Atsou et Etsé : deux « vrais » jumeaux pour une musique africaine déconcertante
Atsou et Etsé ont une quarantaine d’années. On les appelle « les Venaviwo », ce qui signifie
justement « les jumeaux » en langue Mina.
Ils sont nés et vivent près de Kpalimé, à une centaine de kilomètres au nord de Lomé, la
capitale du Togo. Leur village, Agou-Nyogbo, est installé dans un paysage luxuriant, au pied
du pic Agou : végétation foisonnante, cascades : on est très loin des clichés de l’Afrique aride.
Depuis toujours, ils vivent et travaillent ensemble. Dans toute la région, ils sont respectés en
tant que maçons compétents : malgré leur petite taille, ils manifestent autant de force que de
résistance. C’est impressionnant de les voir porter sans fatigue des charges de béton plus
lourdes qu’eux… Ils ont été les maîtres d’œuvre des chantiers réalisés ces dernières années
dans l’enceinte de l’Hôpital Bethesda lors de camps internationaux de jeunes (construction
d’une déchetterie et d’un poulailler industriel).
Ce qui les caractérise et les rend célèbres, c’est le chant et la musique. Ils chantent sans cesse
ensemble, à deux voix ; Atsou et Etsé ont donc un entraînement faramineux pour accorder
leurs timbres et leurs rythmes. Quand ils ne chantent pas sur les chantiers ou pour des amis
lors de fêtes, ils chantent encore au culte le dimanche en duo ou dans la chorale dont ils sont
des piliers. Pour interpréter des chants traditionnels, pour créer des improvisations vocales ou
pour battre le tam-tam, ils manifestent une maîtrise tout-à-fait extraordinaire.

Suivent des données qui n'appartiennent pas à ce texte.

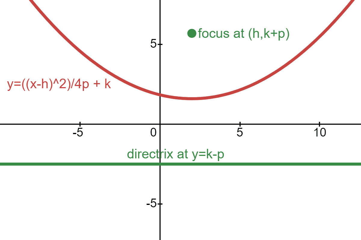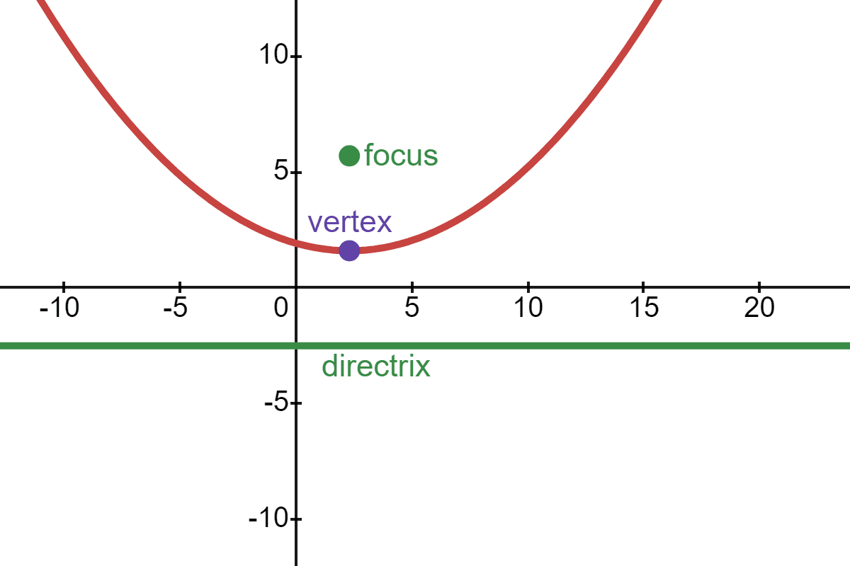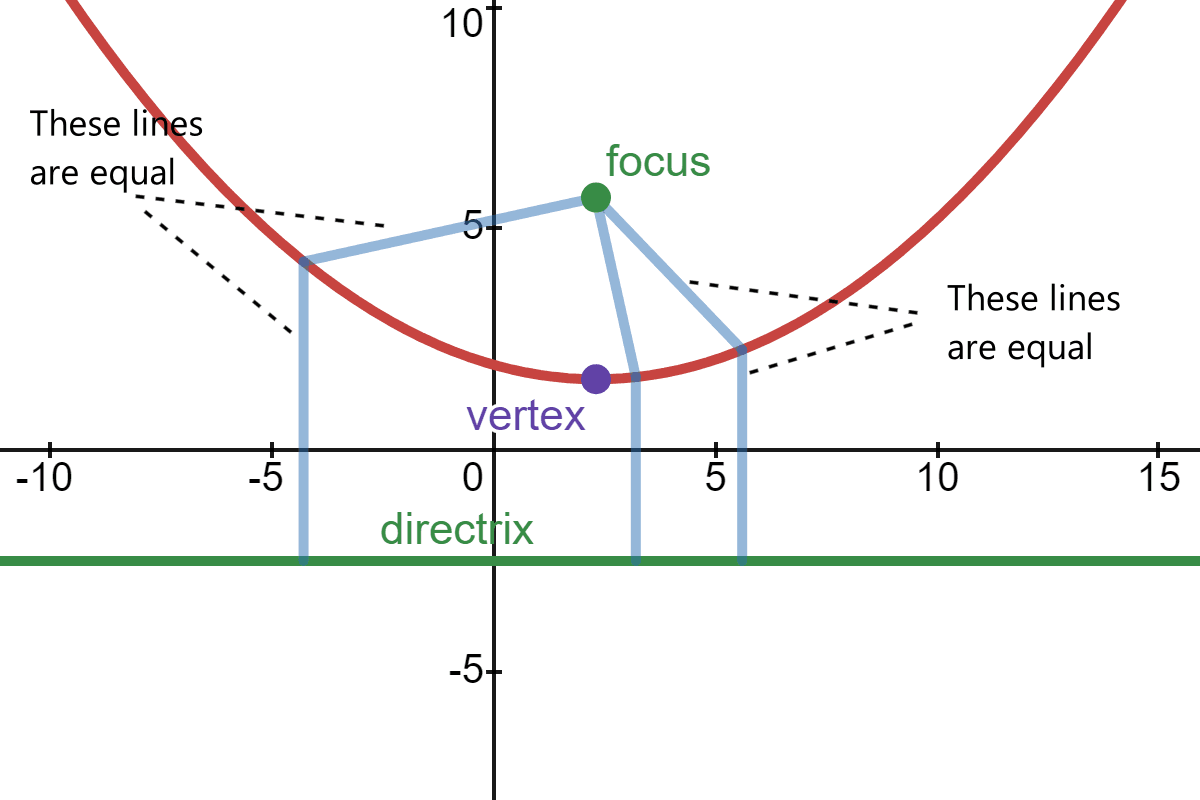 The parabola is defined as the set of all the points that are equidistant from the focus and directrix. The point halfway between the focus and the directrix is called the vertex of the parabola:

La première fois qu’on les entend, on est surpris parce que ça ne ressemble pas du tout à
l’idée qu’on se fait en général de la musique africaine. Rien d’exubérant ; la répétition
presque austère de motifs mélodiques obsédants, entrecoupés de silences déroutants… Et
pourtant il y a dans ce chant une jubilation, qui est celle de la louange.
A certains moments, même si l’on ne comprend rien au sens des paroles, on est saisi par les
sensations semblables à celles que peut dégager le chant traditionnel sarde par exemple, ou
tibétain, ou bulgare… L’impression d’un chant authentique qui vient de très loin et qui
résonne profondément. Cette musique touche une fibre de commune humanité : comme si
Atsou et Etsé parlaient directement à nos cœurs.
Souvent, on entend à leur sujet : «Ce sont vraiment des frères ! ». Cette remarque ne désigne
pas seulement leur proximité de jumeaux, mais leur proximité avec nous, une manière de
dire : « on les sent frères avec nous ! », parce que c’est ainsi que la musique franchit les
préjugés et toutes les frontières.
Ils ont enregistré un disque au Togo qui est totalement épuisé. On peut les entendre sur le
DVD « Le Togo nous portera » réalisé par des jeunes de la Riviera à l’occasion d’un camp-
chantier en 2011.
Ils n’ont jamais voyagé et leur tournée en Suisse cet automne est pour eux une expérience
complètement nouvelle qu’ils envisagent sereinement.